■ **Input**

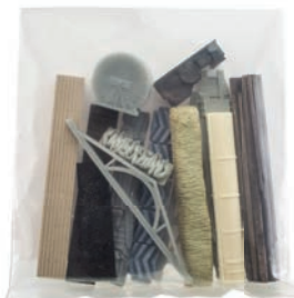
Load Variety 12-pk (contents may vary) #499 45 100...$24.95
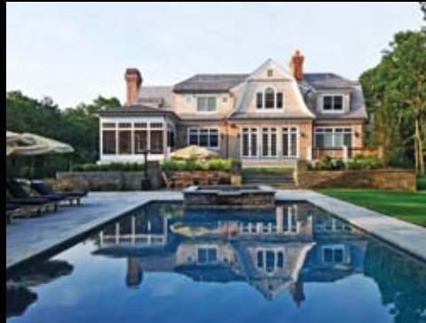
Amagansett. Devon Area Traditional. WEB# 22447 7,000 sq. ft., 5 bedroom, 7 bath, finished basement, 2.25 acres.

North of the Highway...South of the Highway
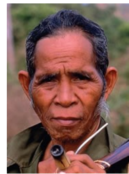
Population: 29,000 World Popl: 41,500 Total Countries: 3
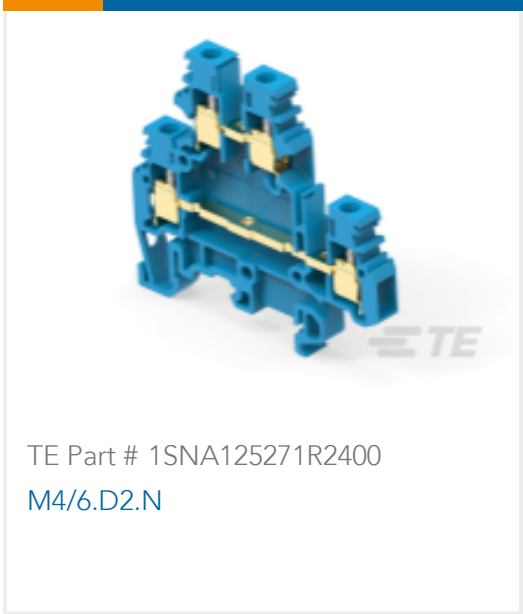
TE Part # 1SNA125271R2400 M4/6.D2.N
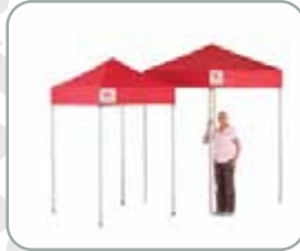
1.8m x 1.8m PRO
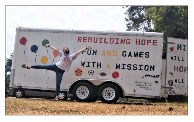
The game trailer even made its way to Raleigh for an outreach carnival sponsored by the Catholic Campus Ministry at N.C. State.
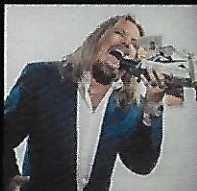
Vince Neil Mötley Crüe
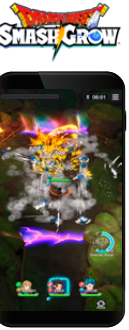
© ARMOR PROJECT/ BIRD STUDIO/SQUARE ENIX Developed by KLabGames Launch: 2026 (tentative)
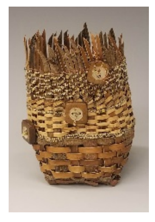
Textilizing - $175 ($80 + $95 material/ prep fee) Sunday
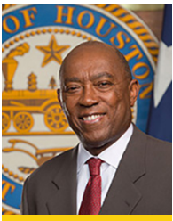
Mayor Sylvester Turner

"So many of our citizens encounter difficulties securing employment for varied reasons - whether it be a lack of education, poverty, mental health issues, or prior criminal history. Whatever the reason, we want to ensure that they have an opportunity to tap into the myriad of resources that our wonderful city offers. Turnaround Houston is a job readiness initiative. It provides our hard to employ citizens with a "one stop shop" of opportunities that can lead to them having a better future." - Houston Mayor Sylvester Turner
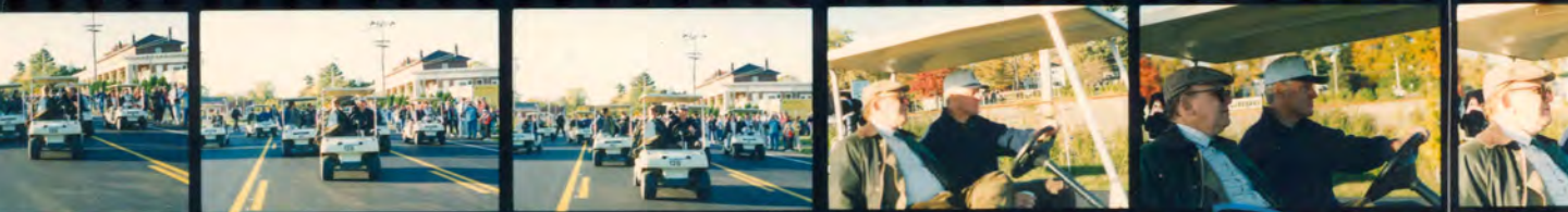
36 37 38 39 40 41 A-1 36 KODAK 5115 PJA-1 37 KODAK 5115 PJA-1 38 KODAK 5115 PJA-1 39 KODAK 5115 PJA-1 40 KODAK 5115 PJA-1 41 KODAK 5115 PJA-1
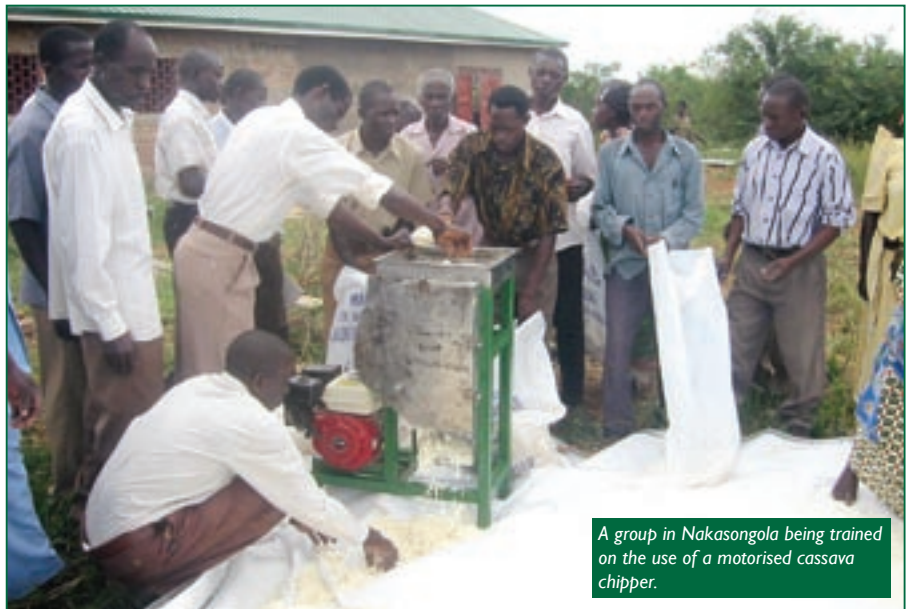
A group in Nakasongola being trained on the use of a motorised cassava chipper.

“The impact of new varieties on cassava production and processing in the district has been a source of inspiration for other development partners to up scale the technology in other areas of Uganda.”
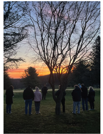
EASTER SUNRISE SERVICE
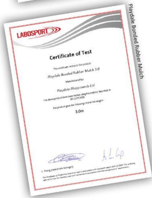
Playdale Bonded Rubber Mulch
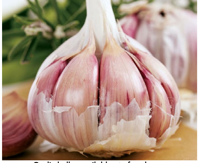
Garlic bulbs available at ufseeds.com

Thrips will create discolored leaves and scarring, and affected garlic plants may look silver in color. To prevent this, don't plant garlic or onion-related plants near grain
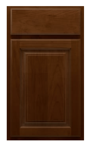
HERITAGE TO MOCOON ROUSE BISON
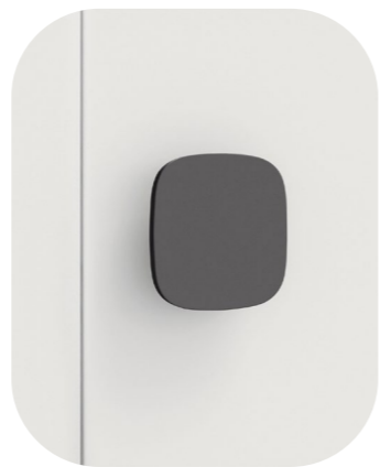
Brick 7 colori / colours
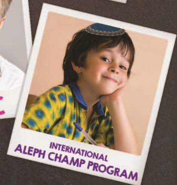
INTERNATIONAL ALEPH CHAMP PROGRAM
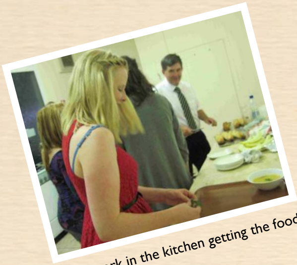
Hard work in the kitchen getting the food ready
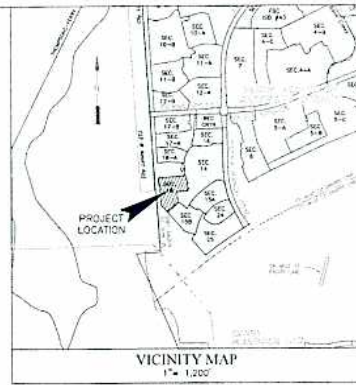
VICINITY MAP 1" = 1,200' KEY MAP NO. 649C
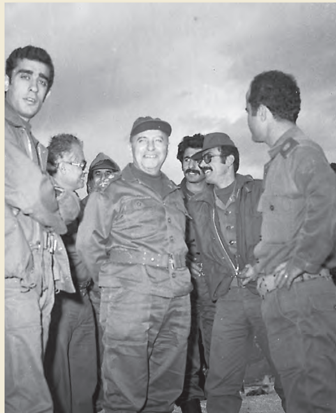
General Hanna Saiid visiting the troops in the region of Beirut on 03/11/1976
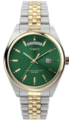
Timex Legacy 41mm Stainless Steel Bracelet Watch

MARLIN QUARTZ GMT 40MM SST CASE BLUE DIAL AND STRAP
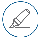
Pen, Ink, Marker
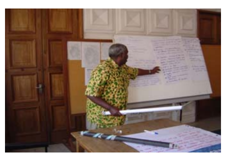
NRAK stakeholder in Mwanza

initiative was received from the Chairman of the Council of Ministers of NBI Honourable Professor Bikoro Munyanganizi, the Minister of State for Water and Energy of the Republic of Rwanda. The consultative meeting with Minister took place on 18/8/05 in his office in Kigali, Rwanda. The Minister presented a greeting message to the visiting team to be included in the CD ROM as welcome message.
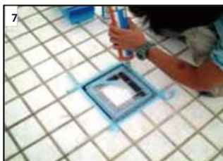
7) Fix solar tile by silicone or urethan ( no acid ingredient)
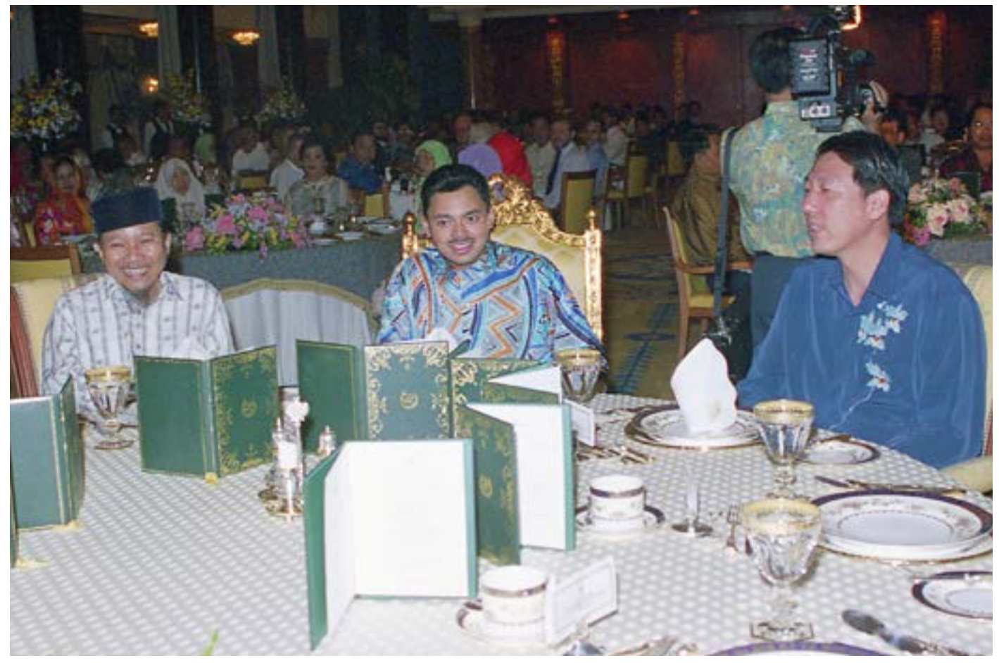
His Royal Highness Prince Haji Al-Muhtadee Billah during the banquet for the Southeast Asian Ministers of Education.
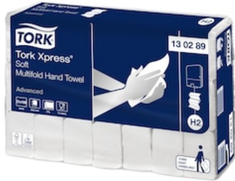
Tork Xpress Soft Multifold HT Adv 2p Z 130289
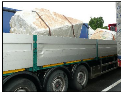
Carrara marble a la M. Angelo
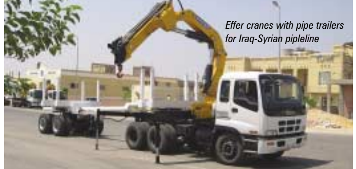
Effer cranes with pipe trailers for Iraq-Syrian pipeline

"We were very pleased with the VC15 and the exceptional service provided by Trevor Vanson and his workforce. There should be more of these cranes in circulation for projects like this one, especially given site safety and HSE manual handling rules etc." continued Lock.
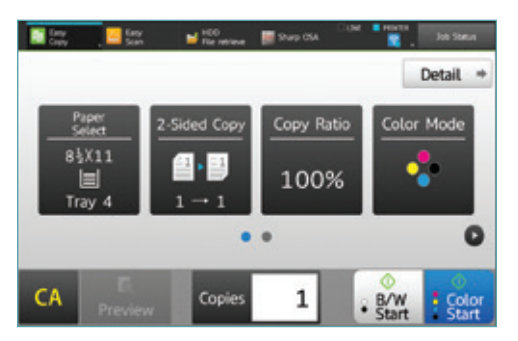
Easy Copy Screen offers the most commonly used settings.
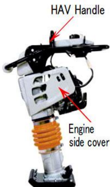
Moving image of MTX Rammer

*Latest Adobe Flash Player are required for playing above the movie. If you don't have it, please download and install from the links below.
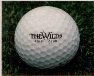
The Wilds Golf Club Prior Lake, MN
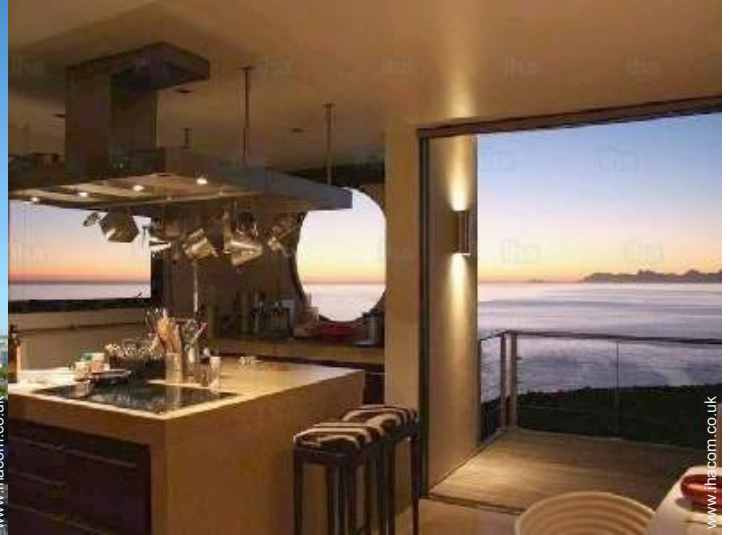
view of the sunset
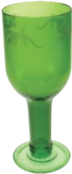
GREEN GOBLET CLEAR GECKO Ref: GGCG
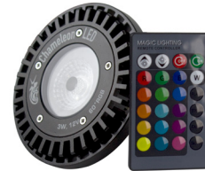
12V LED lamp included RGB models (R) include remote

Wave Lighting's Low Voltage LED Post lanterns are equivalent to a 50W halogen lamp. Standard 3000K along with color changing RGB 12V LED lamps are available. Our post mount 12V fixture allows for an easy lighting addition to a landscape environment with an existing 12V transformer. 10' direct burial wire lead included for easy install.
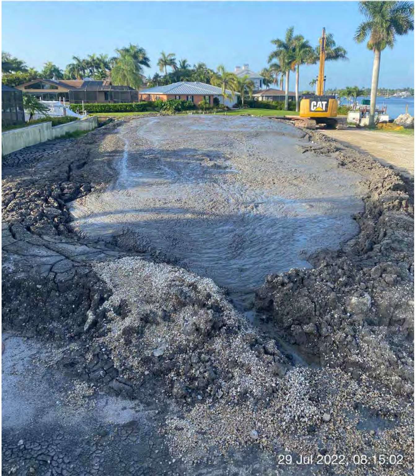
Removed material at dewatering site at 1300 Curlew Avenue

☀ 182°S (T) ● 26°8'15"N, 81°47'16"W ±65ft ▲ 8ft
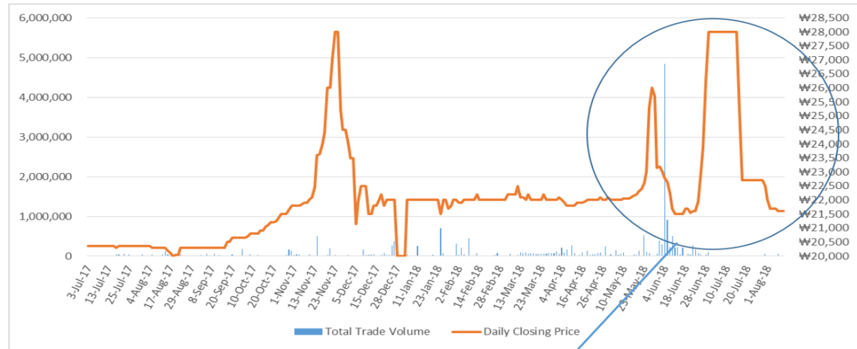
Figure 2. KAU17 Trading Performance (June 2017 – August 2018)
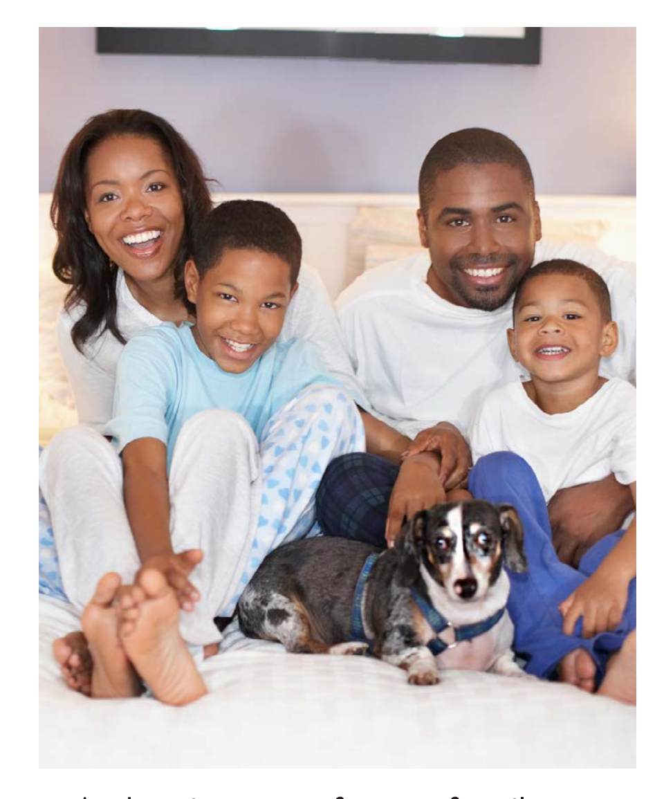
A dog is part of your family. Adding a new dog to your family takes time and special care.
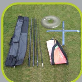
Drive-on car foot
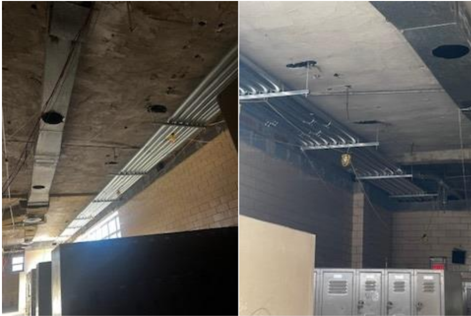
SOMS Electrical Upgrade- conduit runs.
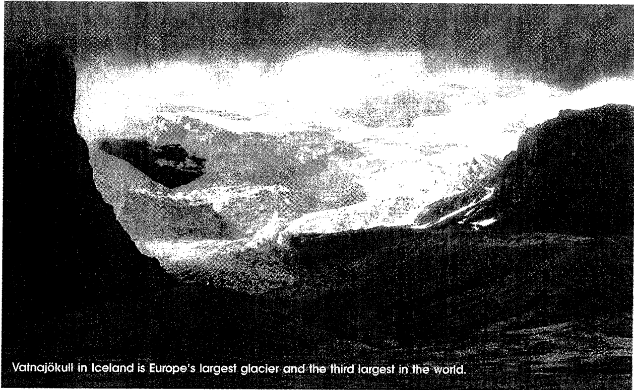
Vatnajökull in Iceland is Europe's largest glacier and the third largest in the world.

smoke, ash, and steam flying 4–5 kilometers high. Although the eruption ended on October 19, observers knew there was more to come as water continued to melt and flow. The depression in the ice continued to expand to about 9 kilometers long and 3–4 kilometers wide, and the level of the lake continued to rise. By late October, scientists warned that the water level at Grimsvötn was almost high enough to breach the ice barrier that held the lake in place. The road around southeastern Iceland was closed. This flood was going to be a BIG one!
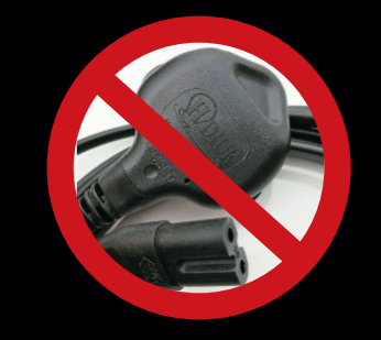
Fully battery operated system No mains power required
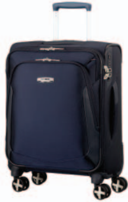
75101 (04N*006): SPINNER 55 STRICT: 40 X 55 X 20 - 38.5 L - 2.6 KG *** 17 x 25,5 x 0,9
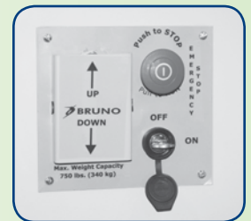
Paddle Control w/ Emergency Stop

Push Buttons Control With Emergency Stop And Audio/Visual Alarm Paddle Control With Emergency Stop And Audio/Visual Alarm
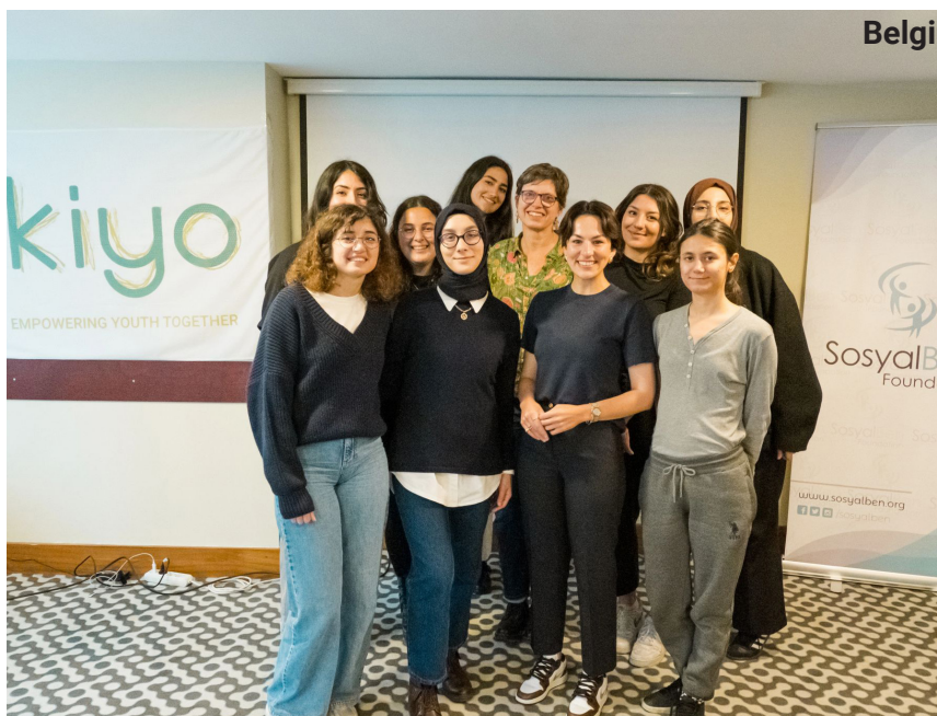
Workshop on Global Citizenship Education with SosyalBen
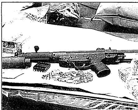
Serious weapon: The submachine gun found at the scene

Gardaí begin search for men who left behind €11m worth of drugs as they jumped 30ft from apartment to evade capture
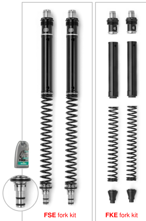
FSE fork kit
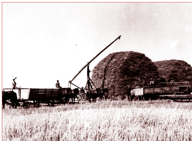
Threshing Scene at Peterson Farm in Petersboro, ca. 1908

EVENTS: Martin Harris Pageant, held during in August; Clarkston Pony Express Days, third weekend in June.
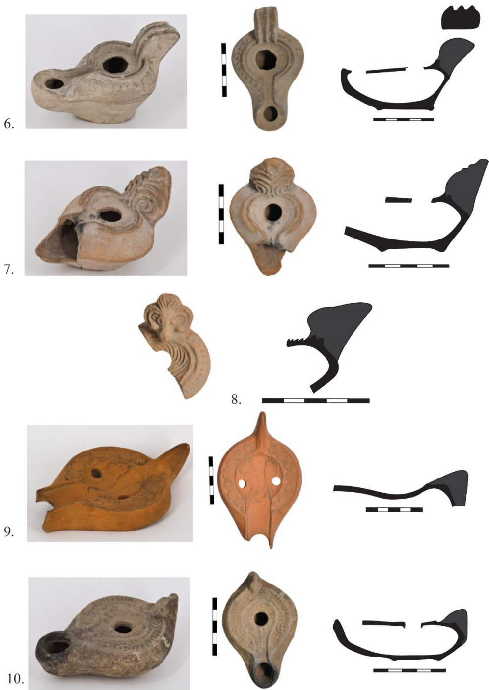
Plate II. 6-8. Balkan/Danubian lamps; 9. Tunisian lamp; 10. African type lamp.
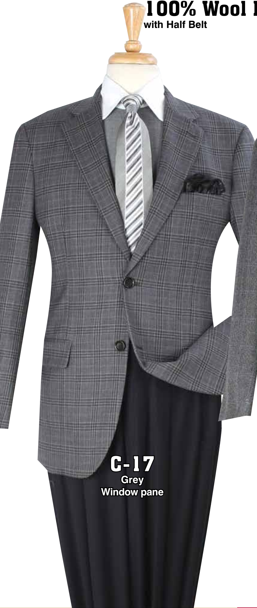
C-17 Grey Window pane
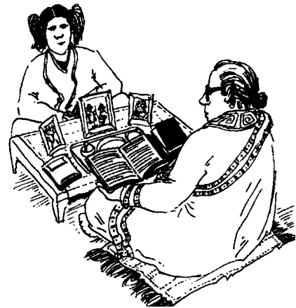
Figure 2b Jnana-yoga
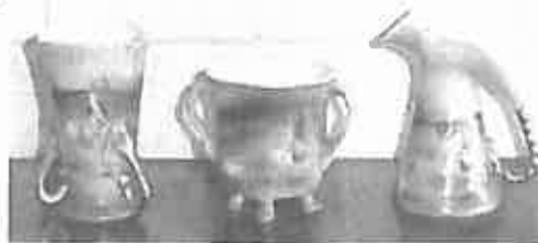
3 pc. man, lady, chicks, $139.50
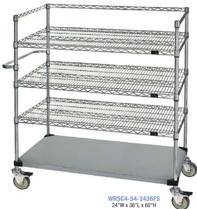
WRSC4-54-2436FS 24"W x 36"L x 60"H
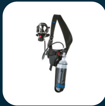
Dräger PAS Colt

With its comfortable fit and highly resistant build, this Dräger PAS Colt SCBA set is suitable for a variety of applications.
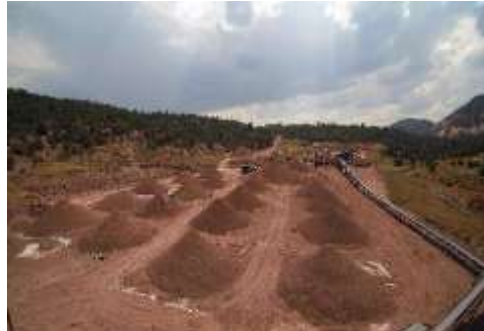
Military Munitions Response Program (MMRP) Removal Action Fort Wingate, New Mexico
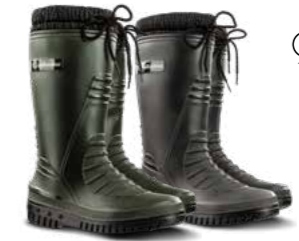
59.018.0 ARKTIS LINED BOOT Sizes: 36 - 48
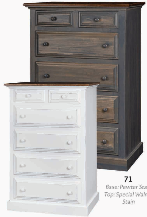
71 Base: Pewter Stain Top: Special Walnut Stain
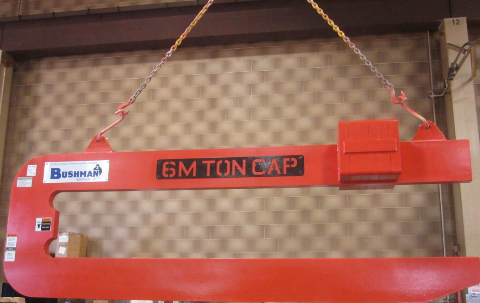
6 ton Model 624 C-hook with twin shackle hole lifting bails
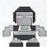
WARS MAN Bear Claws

■ **About this exercise**
What you return must match the lines from the top of the data through the line with "1.8m x 1.8m PRO" exactly, with the pictures removed.

■ **Problem solution**
Load Variety 12-pk (contents may vary) #499 45 100...$24.95
Amagansett. Devon Area Traditional. WEB# 22447 7,000 sq. ft., 5 bedroom, 7 bath, finished basement, 2.25 acres.

North of the Highway...South of the Highway
Population: 29,000 World Popl: 41,500 Total Countries: 3
TE Part # 1SNA125271R2400 M4/6.D2.N
1.8m x 1.8m PRO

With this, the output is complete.